With the new mouse models, the researchers can study implantation, the stage when embryos embed themselves in the mother’s body – a stage that’s often difficult for embryos to survive. The same process happens in mouse embryos, which develop very similarly to human embryos at this early stage of life.

Six years ago, researchers from the University of Cambridge and the California Institute of Technology set out to create models that would allow them to study fetal development in three-dimensional form but without the need for human embryos. 

“We are trying to understand the major principles of time and space that have to be fulfilled” to form a successful pregnancy, Dr. Zernicka-Goetz explains. “If those principles are not fulfilled, the pregnancies are terminated, even before women know they’re pregnant.” 

There are limits on using human embryos for research, and previous experiments have tended to replicate only one aspect of development. That led to two-dimensional experiments: flat cells on the bottom of a petri dish that lack the structural organization of real tissue. 

The new models are three-dimensional with beating hearts and the yolk sacs in which embryos feed and grow. The models even progressed to forming the beginning of a brain – a research first. 

The scientists used the foundational cellular “building blocks” called stem cells and managed to get the cells to communicate along a timeline that mimicked natural development, simulating those developmental stages, says Dr. Zernicka-Goetz. Those “building blocks” are actually three types of stem cells: pluripotent stem cells that build body tissue, and two other types of stem cells that build the placenta and the amniotic sac. 

Completing the experiment required the right quantity of each stem cell type. The researchers also needed to understand how those cells exchange information before they can begin to grow. The researchers were able to “decipher the code” of how the cells talk to each other, Dr. Zernicka-Goetz says.

Initially, the three types of stem cells combine, almost like a soup, but when the timing is right, they have to recognize each other and sort themselves. Next, each stem cell type must start building a different structure necessary for fetal development. Dr. Zernicka-Goetz thinks of this construction as the architecture of human tissue. 

With the new technique, researchers can continue investigating the implantation stage and beyond. And they did – tweaking the experiment to create a genetically flawed embryo on purpose.

Dr.

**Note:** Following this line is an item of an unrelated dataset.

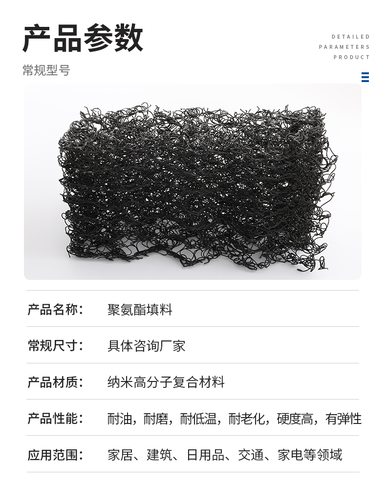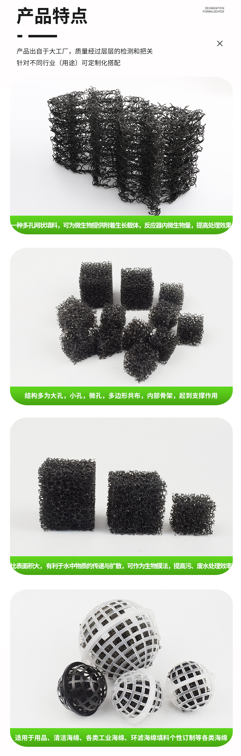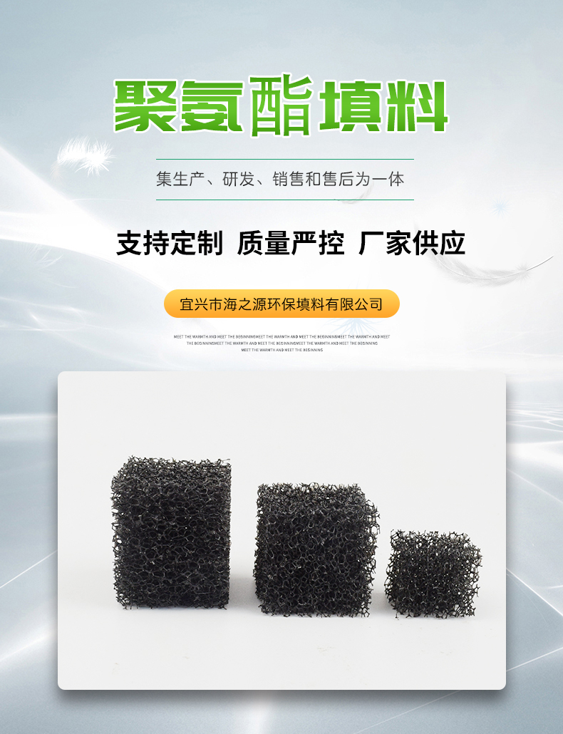 聚氨酯填料作為一種多孔網(wǎng)狀填料,可為微生物提供附著生長載體,反應器內微生物量,提高處理效果。聚氨酯填料孔隙為網(wǎng)狀,內部具體結構多為大孔,小孔,微孔,多邊形共布,通過經(jīng)絡使得面與面相交,且構成填料的內部骨架,起到支撐作用。。聚氨酯填料相比其他填料具有較大的比表面積,孔隙率可達95%以上,有利于水中物質的傳遞與擴散,可作為生物膜法,提高污、廢水處理效率,是一種較為理想的生化污水處理填料。

Zernicka-Goetz and her team eliminated a certain gene known to regulate how cells establish their own identities. Doing so resulted in the same brain development flaws as in human embryos, providing “a proof of concept” that the experimental models can be used to study other genetic mysteries, she says. 

Scientists are still in the dark about what some genes do, as well as the point when they become critical to brain development. 

“Many genes have very early roles in specifying, for example, the position of the head and also how our brain will function,” Dr. Zernicka-Goetz says. “We can now use this model system to assess the function of those genes.” 

A version of this article first appeared on WebMD.com.